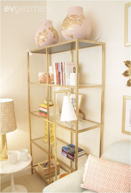 Ikea Vittsjö serisi, metal iskelet ve cam raflarıyla farklı şekillere girmeye çok açık. Kendi fiyatı da oldukça uygun olan bu seriyi, biraz sprey boyayla renklendirmek hem ucuz, hem de kolay..
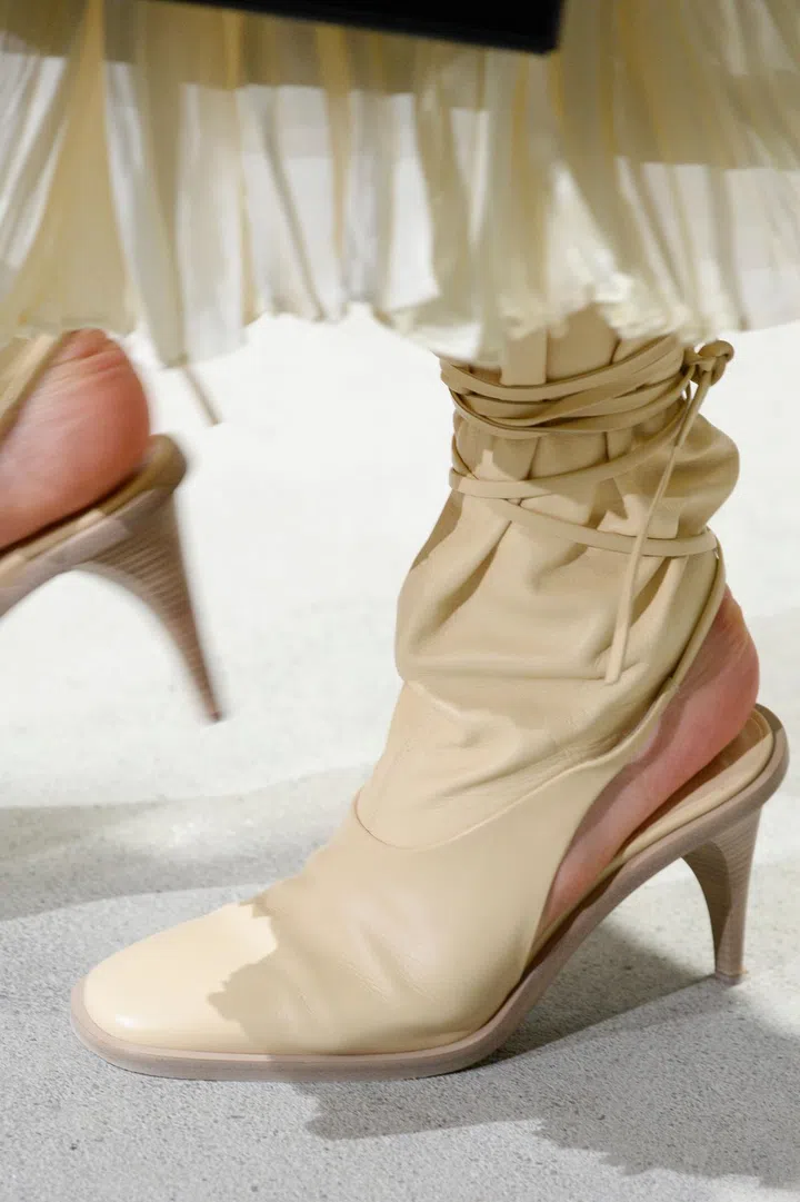 During the last few seasons, designers such as JW Anderson have made shoving baggy trouser pants into ankle straps a thing. This fall, we’re seeing a new and evolved rendition of the styling trick in the form of cinched boots. At Jil Sander, a soft buttery leather boot with an opened heel had suede ribbon ties snaking around and scrunching up the fabric around the ankles, giving rise to an effortlessly modern and minimalist number we’d imagine would pair well with voluminous white cotton poplin dresses for the office.
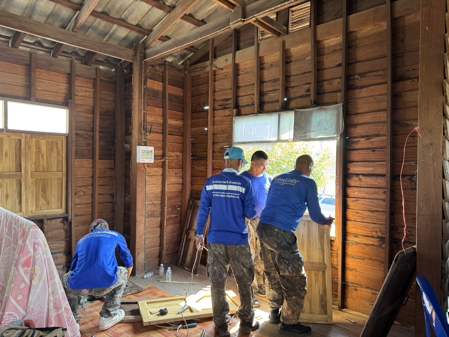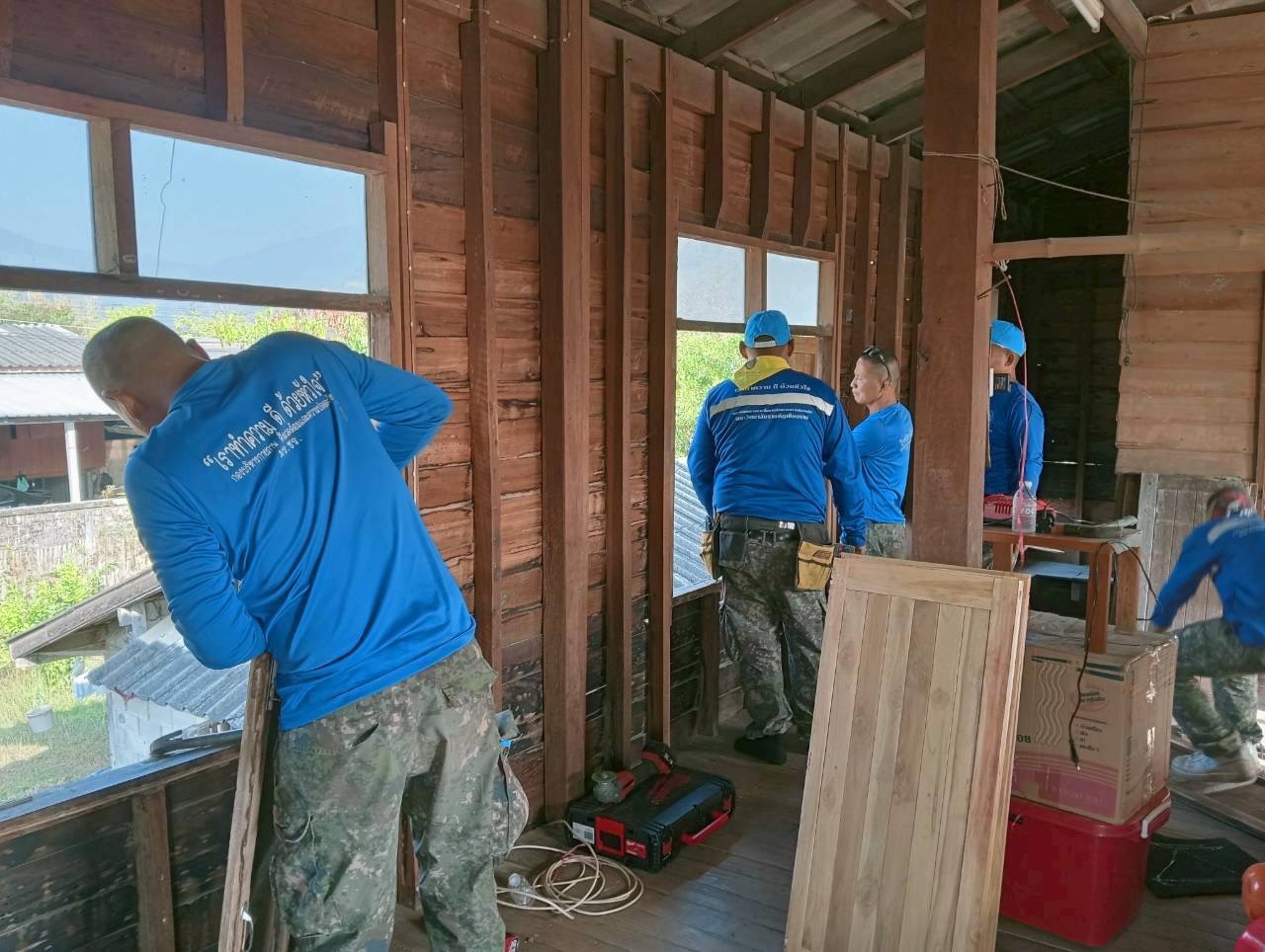 นำโดย นายญาณวุฒิ สุดพิมศรี นายอำเภอเมืองเชียงราย , มหาวิทยาลัยราชภัฏเชียงราย รศ.ดร.นาวิน พรมใจสา (รองอธิการบดีฯ / จิตอาสา 904) พร้อมด้วย ผอ.ราชันย์ ทนันชัย (ผอ.กองบริหารกายภาพฯ) นำกำลังพลจิตอาสาพระราชทานและเจ้าหน้าที่ ลงพื้นที่ปฏิบัติการซ่อมแซมบ้านพักอาศัยให้กับประชาชนผู้เดือดร้อน
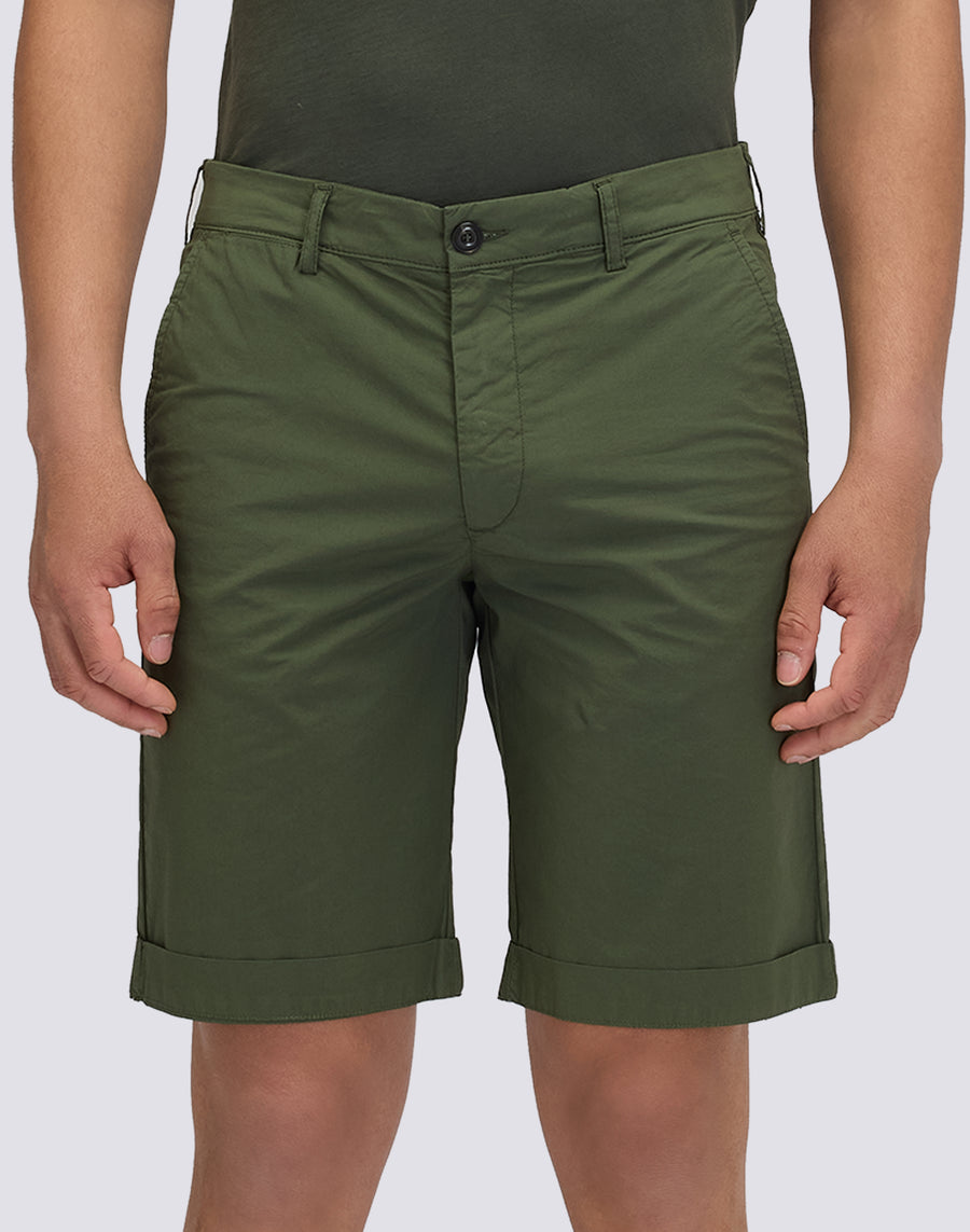 Men's walkshorts made of stretch cotton poplin, a fabric that combines lightness and durability. The garment-dyed finish ensures a deep, even color, while the elasticated waistband offers comfort and ease of movement. Perfect for those looking for versatile shorts, perfect for wearing from the beach to casual everyday wear.
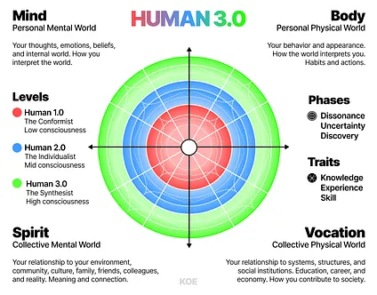 - Human 3.0 (The Synthesist) – Able to adopt multiple perspectives, connect various patterns of reality, and strategize new paths. They understand that all perspectives hold truths that can be synthesized for more holistic and mutually beneficial results. They can display what some may perceive as level 1 traits, such as narrow-mindedness, but it is an intentional choice to tune out noise.
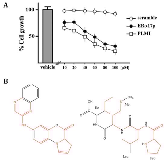 (A) The tetrapeptidic sequence PLMI inhibits the growth of breast cancer cells. SkBr3 cells were treated for 72 h with increasing concentrations of the scramble peptide (control), the ERα17p or the PLMI tetrapeptide. Cell viability is expressed as the percentage of cells upon exposure with ERα17p or PLMI with respect to cells treated with the scramble peptide (control). Values are mean ± SD of three independent experiments performed in triplicate. (B) Structural analogies (in red) between the GPR30 antagonist PBX1 (left) and the ERα17p-derived peptide motif PLMI (right).
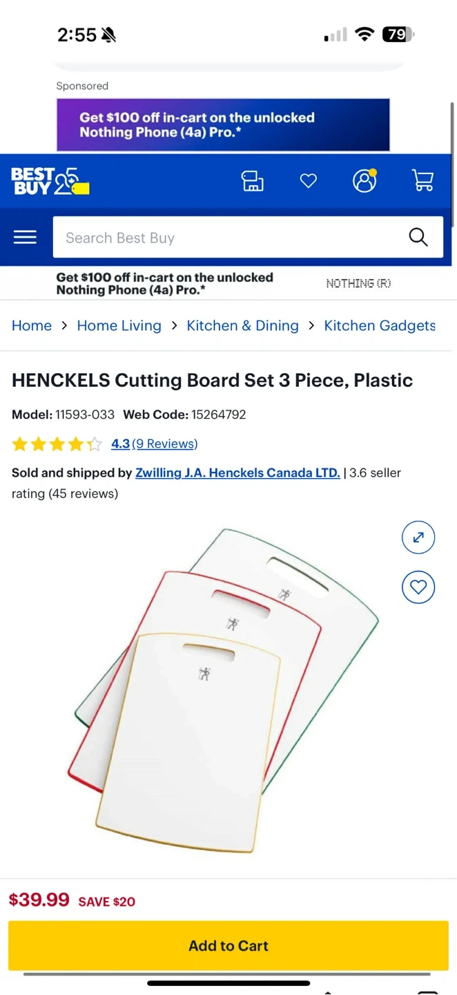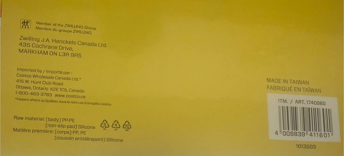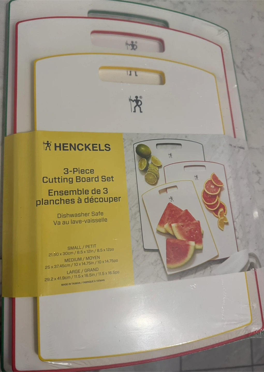 Brand NEW! This Henckels cutting board set includes small, medium, and large sizes. They're dishwasher safe and made from PP, PE with silicone non-slip pads. Made in Taiwan.
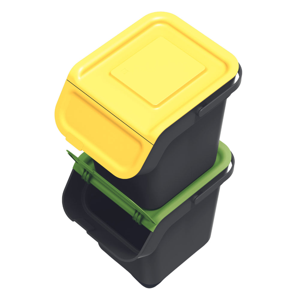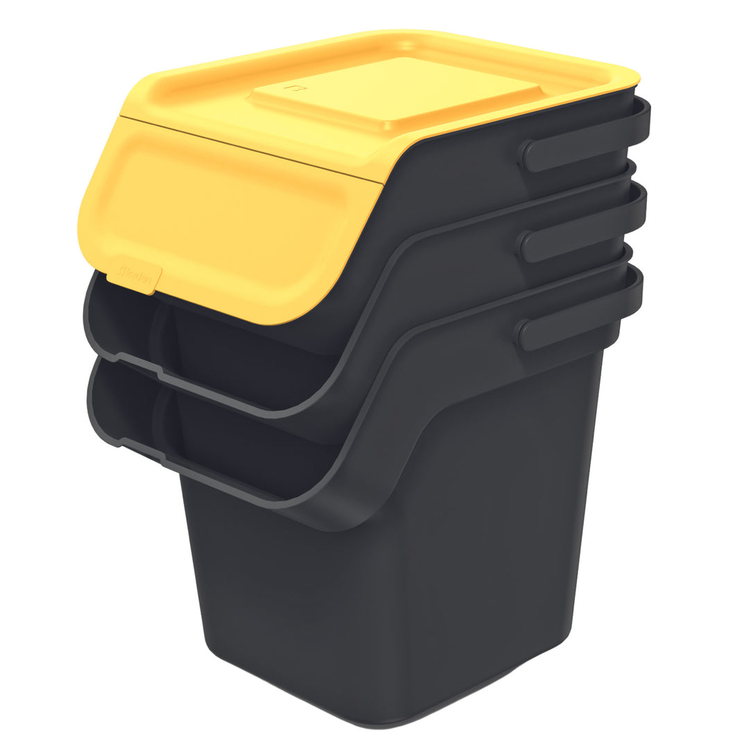 Keden hulladékgyűjtő szett, 3x20 literes, fekete, Stackbox, hulladék szétválasztáshoz
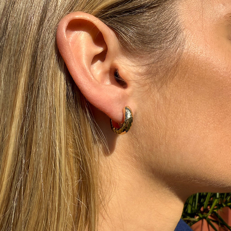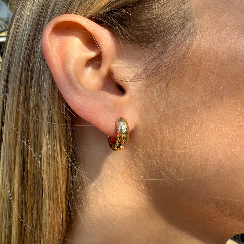 Créoles en plaqué or martelé, élégantes et lumineuses. Un bijou tendance et intemporel, parfait pour illuminer toutes vos tenues.
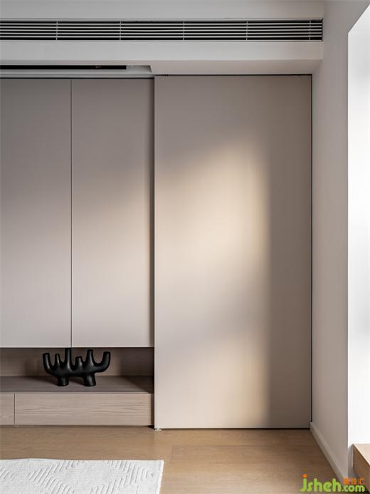 客廳沒有放置電視,海境界家裝設(shè)計主墻做了一大面儲物柜,可以收納很多家庭雜物以及小孩的書籍玩具,兩側(cè)為兩扇大的推拉柜門,小孩拿書籍玩具會比較方便,頂部中央空調(diào)處有安裝投影幕布,雖然沒有電視偶爾看看電影還是很舒適
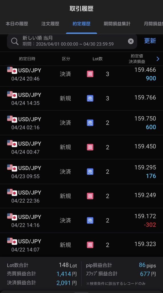 しかし、途中で無理したトレードもあったので、無闇な飛びつきのエントリーは反省です。
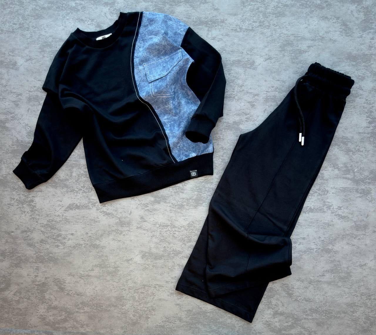 pull simple en coton avec poche en denim
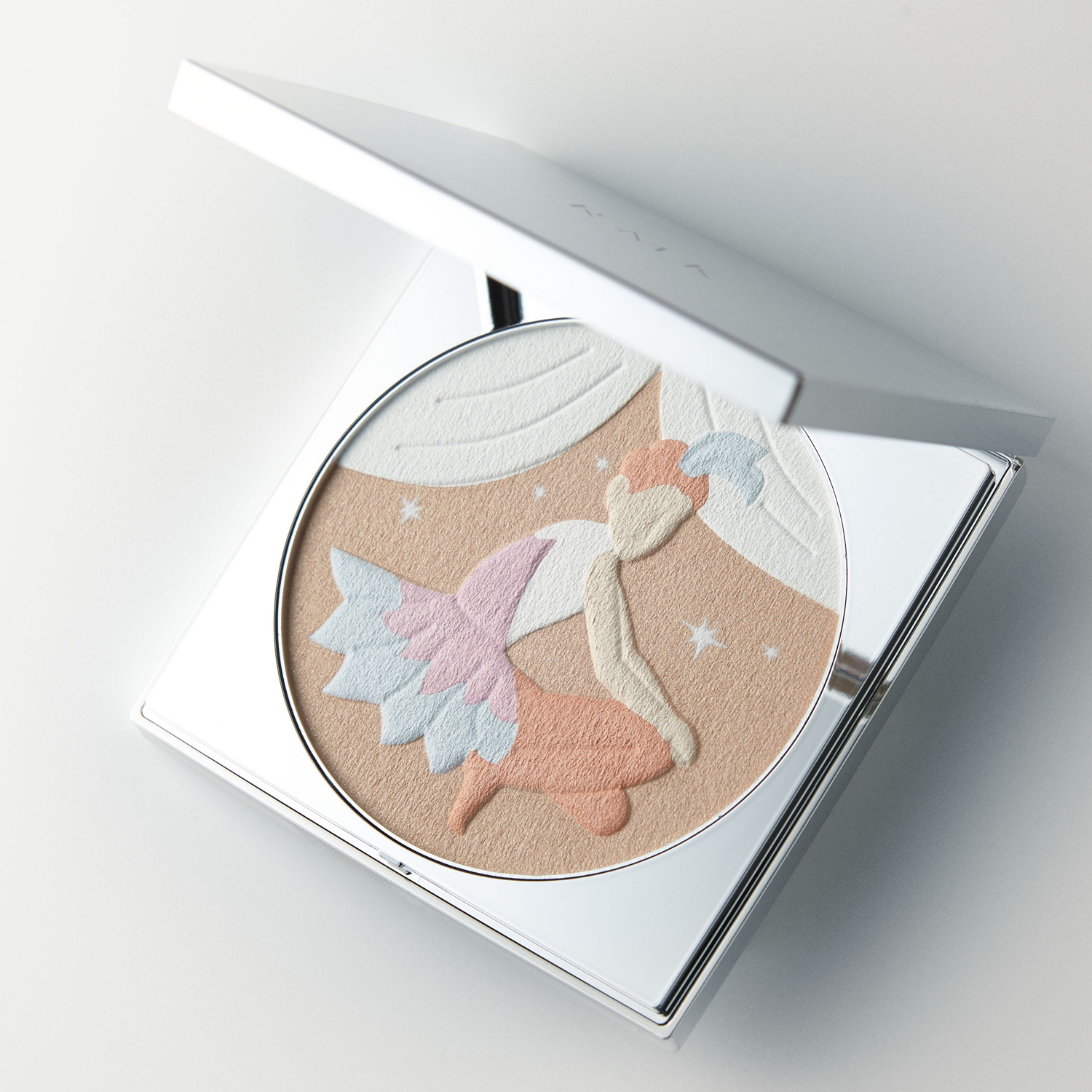 全体をひと刷けしブレンドすることで肌のトーンを均一に整え、色をのせ組み合わせることにより、なりたい肌印象の演出をサポート。余分な皮脂を吸収してくれるので、さらっとしたセミマットな仕上がりが楽しめます。
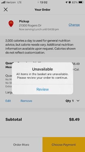 Keep in mind weâve now been there 25+ minutes. They made me wait OVER 20 minutes to get our food remade. We had originally ordered a bacon quarter pounder with cheese meal (large) and a chicken nugget meal (large). Our food finally comes out. Whew. I sit down and we rush to eat as it had not been our plan to be at McDs for an hour.
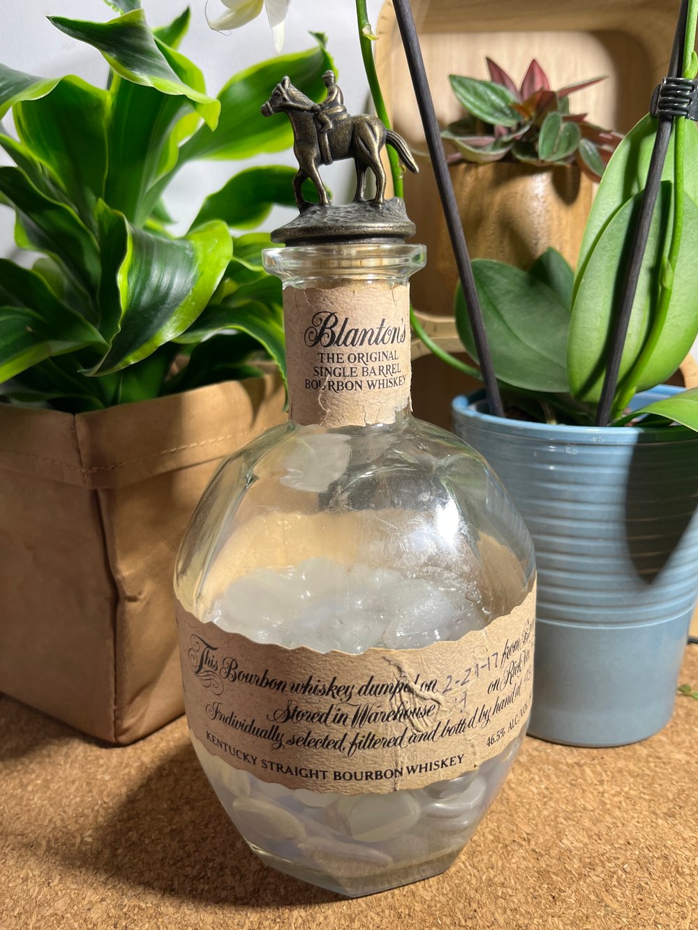 An ex-bottle of Blanton's Bourbon.

++++++

» **What is needed**: Exactly as written, repeat the lines of the material above from the first through the line holding "- Human 3.0", with both ends in the copy and no pictures.

» **Answer for this exercise**:
 Ikea Vittsjö serisi, metal iskelet ve cam raflarıyla farklı şekillere girmeye çok açık. Kendi fiyatı da oldukça uygun olan bu seriyi, biraz sprey boyayla renklendirmek hem ucuz, hem de kolay..
 During the last few seasons, designers such as JW Anderson have made shoving baggy trouser pants into ankle straps a thing. This fall, we’re seeing a new and evolved rendition of the styling trick in the form of cinched boots. At Jil Sander, a soft buttery leather boot with an opened heel had suede ribbon ties snaking around and scrunching up the fabric around the ankles, giving rise to an effortlessly modern and minimalist number we’d imagine would pair well with voluminous white cotton poplin dresses for the office.
 นำโดย นายญาณวุฒิ สุดพิมศรี นายอำเภอเมืองเชียงราย , มหาวิทยาลัยราชภัฏเชียงราย รศ.ดร.นาวิน พรมใจสา (รองอธิการบดีฯ / จิตอาสา 904) พร้อมด้วย ผอ.ราชันย์ ทนันชัย (ผอ.กองบริหารกายภาพฯ) นำกำลังพลจิตอาสาพระราชทานและเจ้าหน้าที่ ลงพื้นที่ปฏิบัติการซ่อมแซมบ้านพักอาศัยให้กับประชาชนผู้เดือดร้อน
 Men's walkshorts made of stretch cotton poplin, a fabric that combines lightness and durability. The garment-dyed finish ensures a deep, even color, while the elasticated waistband offers comfort and ease of movement. Perfect for those looking for versatile shorts, perfect for wearing from the beach to casual everyday wear.
 - Human 3.0 (The Synthesist) – Able to adopt multiple perspectives, connect various patterns of reality, and strategize new paths. They understand that all perspectives hold truths that can be synthesized for more holistic and mutually beneficial results. They can display what some may perceive as level 1 traits, such as narrow-mindedness, but it is an intentional choice to tune out noise.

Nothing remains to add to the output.